Через месяц перепланировка сделана. Совершенно бесплатно. И сколько кайфа было!

ПОЗОЛОЧЕННАЯ СЕТЬ ГАМАКА

Позолоченная сеть гамака, заплутавшая в нестарых, но корявых, покрытых голубоватой плесенью, яблонях. Расплавленное солнце, сверлящее дыры во тьме листвы. Покорные соблазнители – яблоки, глазком вниз. Светящиеся точки насекомых, оживляющих летний воздух. На подоконнике лежит труп крылатого муравья. Он на боку, лапы вытянуты, но усики расставлены твёрдо. Грушевидная головка, хоботком вниз, ни о чём уже не думает. Вместо неё думаю я. Нам равно хорошо было бы здесь…

ЕЩЁ О ПРИЯТНОМ

Приятно, когда ты дружишь с женщиной, у которой милый муж, с которым можно задушевно пообщаться, нестрогих правил, и который с тобой не переспал. Даже если общались с ним за кулисами от жены. Ничем не омрачённая дружба с семьёй – что может быть приятней.

ЕЩЁ ОБ УЖАСНОМ

Ужасно внезапно попасть на вечеринку к одноклассникам, большинство из которых не видела лет пятнадцать. При ярком искусственном освещении. В трезвом виде.

Это шок, который трудно пережить. Ужасный удар времени по лицу, по талии и ниже пояса.
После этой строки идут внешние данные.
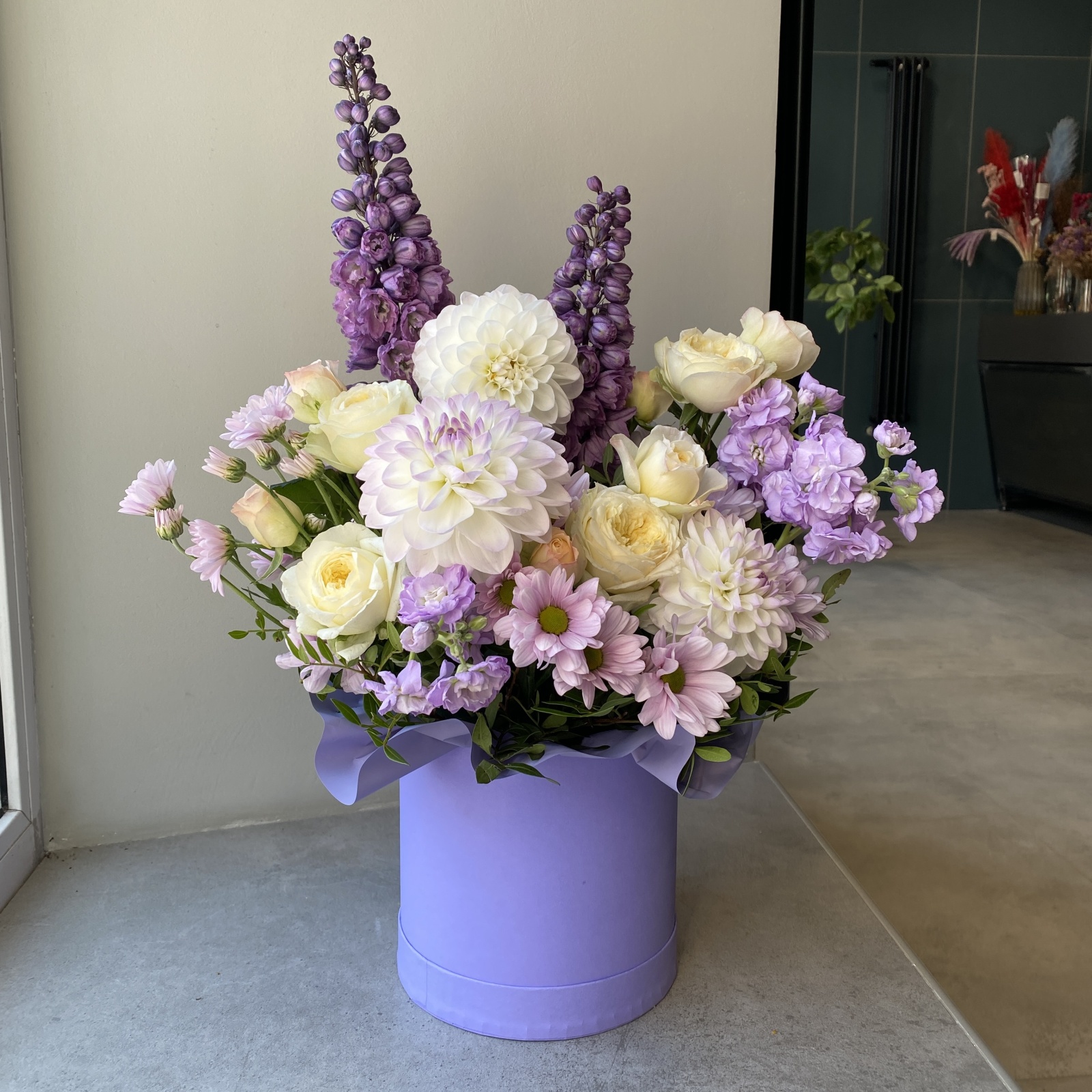 Состав: хризантема кустовая 2, дельфиниум 2, маттиола 1, роза кустовая 1, фисташка 0,5 и прочее. под заказ

Время, прошедшееся жестоким утюгом по цепочке людей, ничем не связанных особо, кроме, разве что, даты в паспорте. Некая прихоть судьбы, бросившая в одну пригоршню кучку попавшихся ей под руку детей, вынужденных всю жизнь потом быть свидетелями, зеркалами друг другу и соперниками по бегу на дистанцию, длиною в жизнь. Слипшиеся зачем-то навсегда, без всякой любви и симпатии в начале, в середине и в конце. Носители медицинской тайны.
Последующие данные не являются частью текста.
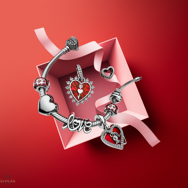 Vidd magaddal a szeretetet mindenhová, szív alakú kapoccsal díszített karkötőnkkel: a védelem, a szabadság és a szárnyaló szívek szimbólumával. A sterling ezüstből készült karkötő akár 18 charmmal vagy függő charmmal is személyre szabható. A kapocs 15 süllyesztett foglalatú cirkónia segítségével ragyog, és Ámor szárnyait formázza. Hogy ne lehetne szeretni? Méretek: Mélység: 9,5 mm; Magasság: 11,3 mm; Szélesség: 10,9 mm.

Ещё ужасней по прихоти судьбы и собственному слабоволию (а может, наоборот, от избытка крепкой воли, сумевшей превозмочь поверхностное, а может, и истинное «не хочу») – попасть в школу, в которой не был счастлив ни минуты и, уходя из которой после официальных церемоний, думала, что расстаёшься навсегда.

С любопытством и содроганием переступить нелюбимый порог, с содроганием и ужасом ожидать возможной встречи с нелюбимыми учителями. Нет, не то чтобы они обижали тебя, но были где-то за гранью твоего существования. Нет, не то чтобы тебя обуревала злорадная жажда узнать о них, как об умерших. Хотя, узнав о недавней кончине одного из них, оказавшейся, как выяснилось впоследствии, мнимой, вздыхаешь с невольным облегчением (боже, что за жизнь такая, что ни смерть, ни жизнь другого не радуют тебя).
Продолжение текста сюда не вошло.